I’m listening to the audiobook after meeting the reader, Christopher Ecclestone, on a flight. As a Man U fan and a northerner, he brings this book to life. It’s a very good listen. Highly recommended.
I can imagine it working better read – especially when read by Eccleston, who's a great choice – with the rhythm and repetition becoming almost hypnotic.
The Snow. The Snow. The Rattling. The Lights, dim. The Snow. Black Shapes. Grey Shapes. Coughing. Propellers splutter with influenza. The Snow. The Snow.
Am I close?
Being serious, I Iike David Peace. I'll need to get hold of that.
Yeah, his style is punishing but generally rewarding. I think Red or Dead is a masterpiece, but like Heller's Something Happened, I can't imagine wanting to read it again. Too painful. I finished the Red Riding books, but by the end felt almost sickened.

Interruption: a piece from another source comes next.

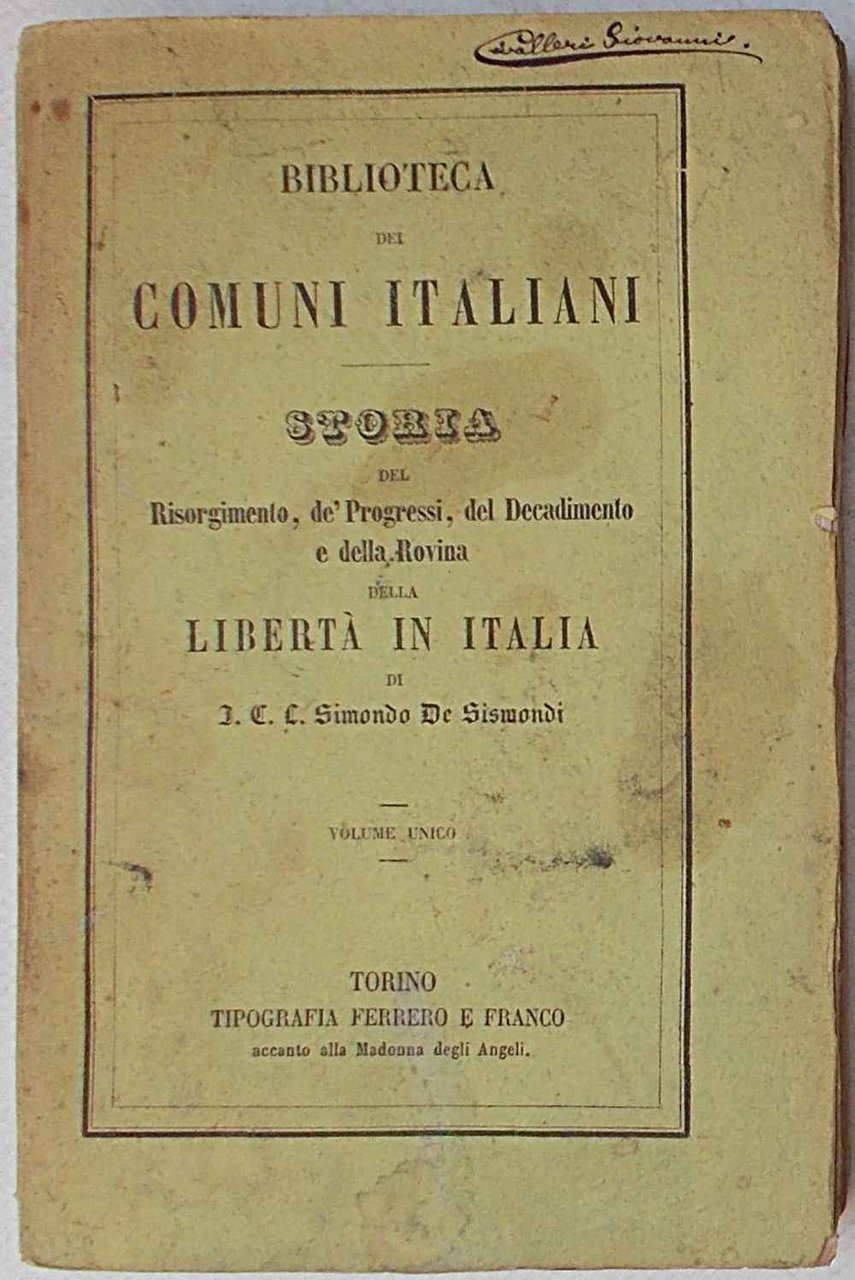 Storia del risorgimento, de' progressi, del decadimento e della rovina della Libertà in Italia.

Haven't got to this yet but have a copy on the shelf. I'd really recommend Peace's GB84 as a book on a subject that suits his style perfectly (the miner's strike). Exceptionally bleak, but beautiful
I’ve never tried the Red Riding series, full-blown crime novels aren’t really my bag, though any West Yorkshire representation in literature is always welcome
I loved the first in the series, but what ground me down - and I really did feel sickened towards the end - wasn't the style, with was the relentless grimness of the content. It was like endlessly wading through a sewer.
Peace’s characteristic style – simple vocabulary and imagery, continuous repetition – worked brilliantly in Red or Dead, creating a brilliant portrait of obsession reminiscent of Joseph Heller’s manic Something Happened.

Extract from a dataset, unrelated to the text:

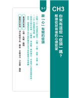 本書提供準確的自我檢測,只要依據身體症狀,循序找出對應的「五臟系統」與「內心的失衡情緒」,例如:

In the first 200 pages, which cover the crash and the immediate aftermath, the repetition feels almost Homeric, like folklore being handed down by fireside, capturing the confusion and numbing horror in a really moving way.

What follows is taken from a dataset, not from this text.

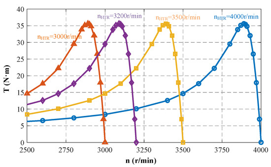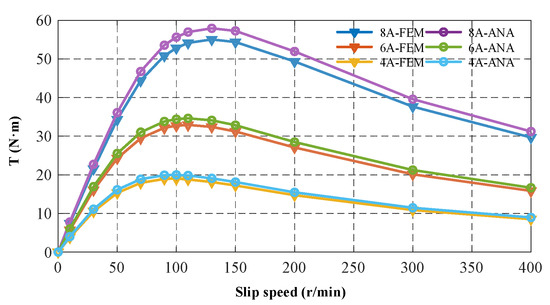 Figure 17 shows the output torque of the HTR-ASD under different slip speeds and excitation currents. From Figure 17, it can be clearly seen that the speed and torque of the HTR-ASD can be easily adjusted by changing the excitation current. Additionally, the output torque is proportional to the square of the current, which is similar to the characteristics of the voltage regulated speed control of an asynchronous motor. Through a comparison between the analytical calculations and simulations, the accuracy of the analytical analysis in this study is verified. Figure 18 shows the operating characteristics at different prime mover speeds. When the speed of the prime mover changes, its characteristics are like those of the variable frequency speed regulation of an asynchronous motor.

...As the action shifts back to Manchester – the families, the funerals, the grief and the resumption of football – the use of that same stylistic approach seemed to me jarring and, eventually, flattening to the emotional component of a story of this magnitude.
Comments
Am I close?
Being serious, I Iike David Peace. I'll need to get hold of that.
I'm totally with you on Red or Dead and so glad someone agrees - have felt on an island about it forever.
I thought it was astonishing. Shankly the perfect vehicle for his style. One of the most affecting books I've read.
So many football folk hated it so vociferously!
I far prefer it to the Clough pastiche, which I also love fwiw.
But…
And after that, the book well… tails off. Which seems like an extraordinary thing given the events covered and FA Cup final as a bookend to the story.